Implementation approach
SHAPES used a facilitative, as opposed to directive approach, which previous studies have shown to be effective [33–35]. Interventionists interacted with the teachers in multiple ways to increase teachers’ capacity to implement the intervention components. The partnership included five types of technical assistance interactions between interventionists and teachers: initial trainings, group workshops, site visits, self-assessment, and newsletters and website. The evolution of the intervention approach is described in Fig. 1.
Initial trainings
Interventionists conducted initial, on-site trainings with teachers during Year 1. The 2- to 3-h introductory trainings were scheduled at a convenient time and held with teachers at their schools. Interventionists provided background information about physical activity, described the intervention components and provided examples, discussed perceived barriers, and distributed physical activity supplies and materials. Interventionists met with new teachers for similar introductory trainings throughout the 3 years.
Group workshops
In addition to the initial site-based trainings, the interventionists conducted seven group workshops throughout the intervention. Workshops were held in the evenings or on Saturdays, by teacher request. Most workshops offered two training date options to accommodate teachers’ schedules. Workshop participants received a healthy meal, a gift card incentive and childcare. The goal of the workshops was to deliver physical activity knowledge and skills so that teachers could create their own physical activity opportunities in their classrooms. Training topics were developed based on interactions with and feedback from teachers and reports from formative process observations that identified skill areas that needed further development. After the first year, through observations and feedback, interventionists recognized that teachers lacked understanding of high-quality physical activity, especially moderate-to-vigorous physical activity (MVPA). Year 2 and 3 workshops focused on changing teachers’ perceptions of physical activity. Open-ended responses on anonymous evaluations indicated that teachers enjoyed the workshops, valued learning from other teachers (e.g. ‘Sharing is what it’s all about’) and appreciated receiving new activities and strategies (e.g. ‘I learn something new every time’).
Workshops were designed to be fun and interactive and served as an opportunity for teachers and interventionists to share ideas and build relationships. Workshops included demonstrations, group discussion and activities to address teacher barriers. During the first 2 years, staff sent multiple reminders and RSVP requests to teachers through email, post mail and in-person visits. Reminders were reduced in Year 3; however, attendance remained consistent. Attendance ranged from 6 to 30 participants, with an average of 22 participants per workshop, representing the majority of schools. The directors of four of the eight intervention schools attended at least one group training over the 3 years. Additional participants included assistant teachers, aftercare teachers and other community members invited by the participants.
Teacher site visits
Interventionists regularly visited teachers in their classrooms. Intervention team members made 859 classroom site visits (343 during Year 1; 351 during Year 2; and 343 during Year 3). The number of site visits directly supporting teachers in intervention activities decreased from Year 1 (12.5, range from 9 to 18) to Year 3 [4.2 (0–17)]. Overall, site visits averaged approximately 40 min each.

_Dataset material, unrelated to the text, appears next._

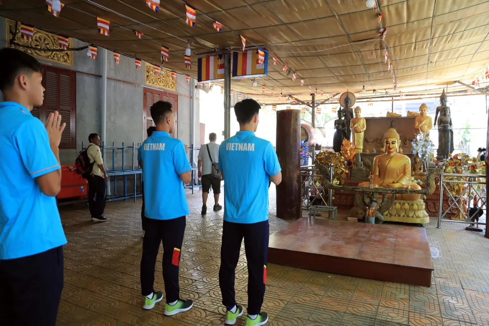 U22 Việt Nam tĩnh tâm ở chùa Campuchia trước khi dự SEA Games

During Year 1, interventionists often led example physical activities for the class and responded to teachers’ concerns. During Year 2, visits were structured to include two visits per month. Based on teachers’ requests, one of the two visits involved active participation by the interventionist during teacher-led classroom activities. The second visit was a collaborative planning meeting that occurred at a mutually convenient time (e.g. nap, lunch, after school), where interventionists and teachers could discuss, plan and solve challenges related to enhancing preschoolers’ physical activity. To increase teachers’ independence during Year 3, interventionists purposefully limited their onsite activities with participating teachers and made site-visits optional. Teachers could request either type of site visit (i.e. planning or feedback on implementation of physical activities), but were limited to seven visits during Year 3. During Year 3, 31 (average of 1.8 visits per classroom) of the visits were requested by teachers and an additional 42 were interventionist-initiated direct implementation assistance. The remainder of visits during Year 3 included indirect assistance, such as monthly material and supply deliveries, and other administrative visits. Hence, across the 3 years of implementation the team systematically reduced direct support to teachers.
Self-assessment
The intervention staff encouraged self-monitoring during all 3 years of intervention, as it has been shown to be an effective part of behavior change [36, 37]. At the initial trainings, each lead teacher received a poster-sized calendar to use to track activities daily. Interventionists emphasized that the teachers would not be assessed on how many activities they performed. Several teachers began to use the calendar to track activities, but did not sustain its use. During Year 2, teachers received a ‘SHAPES Jar’ to use to monitor classroom physical activities by adding blocks to the jar. A clear jar was selected because it did not require teachers to complete additional paperwork, and both teachers and preschoolers could easily self-monitor physical activities using the jar. Although some teachers involved their students in tracking physical activities by incorporating use of the jar into daily activities, such as circle time or large group activities, continued use was not widespread. During Year 3, a paper assessment was developed to help teachers conduct the assessment on their own as part of usual practice. The self-assessment tool focused on four high-quality targets: time, intensity, reach, and encouragement. Teachers were encouraged to provide sufficient time for physical activity opportunities, focus on higher intensity activities that promoted MVPA, involve as many children as possible, not withhold physical activity as punishment, encourage physical activity verbally and physically participate with the children. To encourage use of the self-assessment during Year 3, teachers who identified barriers or challenges could select additional equipment and materials to address the challenges. Teachers were allotted a small ‘Move It Money’ account to purchase physical activity equipment and materials identified from their self-assessments.
Newsletters
To communicate regularly with teachers and develop a community of practice, the interventionists distributed newsletters, paper and electronic, to intervention classrooms. Initially, parents and teachers received separate newsletters. The teachers’ newsletter included tips and activity suggestions from interventionists and other intervention teachers. In response to teachers’ requests, a parent newsletter was distributed to classes to send home with students. This newsletter included family activities and a general description of the intervention. During Year 2, the parent and teacher newsletters were combined into a single entity to be distributed to both parents and teachers. In Year 3, parent newsletters were discontinued based on teacher feedback about their limited effectiveness (e.g. newsletters returned in backpacks). The teacher newsletter component was further developed in the third year, with teacher-created activities featured each month. Interventionists collaborated with volunteer teachers to share favorite physical activities with other SHAPES teachers each month. The monthly newsletter package included activity descriptions, supplies if necessary and photographs of the featured teachers’ classes performing highlighted activities. Interventionists also created, in Year 1, a password-protected website as a resource to share materials and create a networking community. Due to low participation, the website was discontinued for subsequent implementation years.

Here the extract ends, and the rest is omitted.